I’ll be honest – when I first started my PhD, I wasn’t planning to use documents as data. I envisaged a mixed-methods or even experimental design to explore the influence of rationality and bias on police decision-making in tackling organised crime. I was thinking of documents as something that would probably be part of my literature review; legislation or policy documents that drive decision-making, but not as ‘proper’, juicy, qualitative data. Even when, in a scoping interview with a potential participant during my first year, he showed me these documents (that I have now spent almost two years studying, analysing and reflecting on), I still thought ‘they look interesting, maybe they’ll be worth a read’. When I ran my first thematic analysis on them a few weeks later, I decided that they can be part of my theoretical framework and inform the next, ‘real’ part of my research. What I wasn’t realising, was that the documents – as any data inevitably does – had already driven my research to a different direction than the one I was hopelessly trying to hold on to. I didn’t happen to find them, they found me; and were begging to be discovered.
Reflecting on this first encounter with the reports that are now some of the units of analysis in my PhD, I realise that I had adopted the same misconception as many other social researchers who view documents as resources to gather information rather than as data which should be viewed as ‘collective social products’ (Prior, 2003). Documents are of particular importance in criminological research where typically impenetrable groups and organisations such as law enforcement or police forces might be difficult for students to access. The annual reports these agencies are required to produce, like the ones I’m analysing, can provide a plethora of detailed information on the structure and activities of an organisation (Noaks & Wincup, 2004). They can also reveal a great deal about the force’s relative priorities on crime control and their changes over time which is what I am trying to untangle in my research.

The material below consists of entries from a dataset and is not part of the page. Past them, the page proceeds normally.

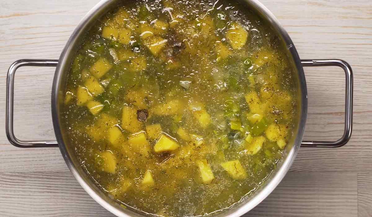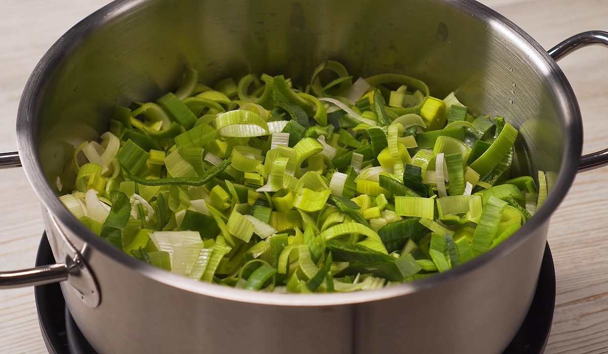 1. Go garnka wlej olej i smaż pokrojony por oraz posiekaną cebulę przez 5 minut.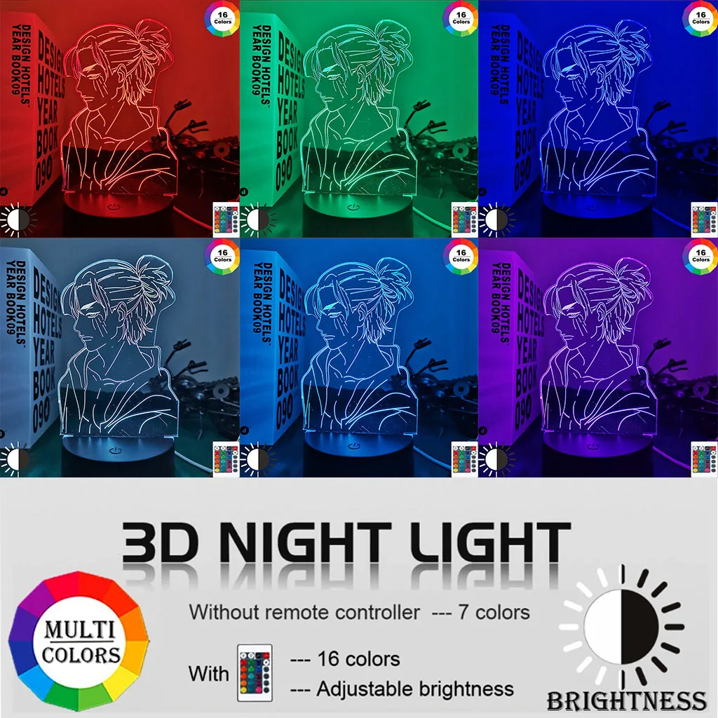 Светильник с аниме-фигурка Эрена йегера атака на Титанов 4, ночник для спальни, детский подарок на день рождения, 3d лампа Shingeki No Kyojin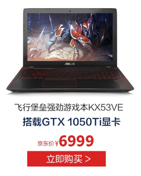 游戏偏执狂的欢乐时光,也是活动正当时!华硕飞行堡垒强劲游戏本KX53VE,配备第七代英特尔酷睿四核处理器和英伟达GTX 1050Ti独立显卡,带来强大的游戏性能以及震撼的视觉体验;炫红背光键盘支持三档可调,让你化身暗夜中的矫健猎手,完成华丽的一击必杀!双硬盘存储组合方案可选,快速运行和海量存储全都要!如此高配杀器,只需6999的活动价就能拿下!

This unexpected shift towards documentary methods has motivated me to organise a workshop on methodological approaches to document analysis funded by the GW4 alliance which brings together the universities of Cardiff, Bristol, Bath and Exeter and aims to provide researcher-led and innovative training to postgraduate students, among many other objectives. As a result I have already networked with many postgraduate researchers who are using, considering or have a general interest in documents as data. It has become evident to me that document analysis is one of the most widely used methods in social sciences research, yet even the training available to postgraduate researchers is very limited. This can be mainly attributed to a general attitude among social scientists that documents are merely ‘common sense’ versions of social phenomena that do not necessitate any particularly sophisticated scientific approach and analysis. As a result, many doctoral researchers do not feel entirely confident about using documents as data (they might only use them as resources instead) and do not reap their advantages: their ‘richness’ (Atkinson and Coffey (2011) argue that they form their distinct forms of ‘documentary realities’), demonstrations of ‘relevance and effect’, the fact that they are ‘naturally occurring’, and of course their ‘availability’ (Silverman, 2014).
I am confident that the DRN will be an extremely useful platform for all these researchers to network, find training opportunities, seek support and information about methodological approaches to documents and generally discover their awesomeness to use as data – just like I did.
Atkinson, P., & Coffey, A. (2011). Analysing documentary realities. In D. Silverman, Qualitative Research (pp. 56-75). London: Sage.
Noaks, L., & Wincup, E. (2004). Criminological Research - Understanding Qualitative Methods. London: Sage.
Prior, L. (2003). Using documents in Social Research. London: Sage.
Silverman, D. (2014). Doing Qualitative Research. London: Sage.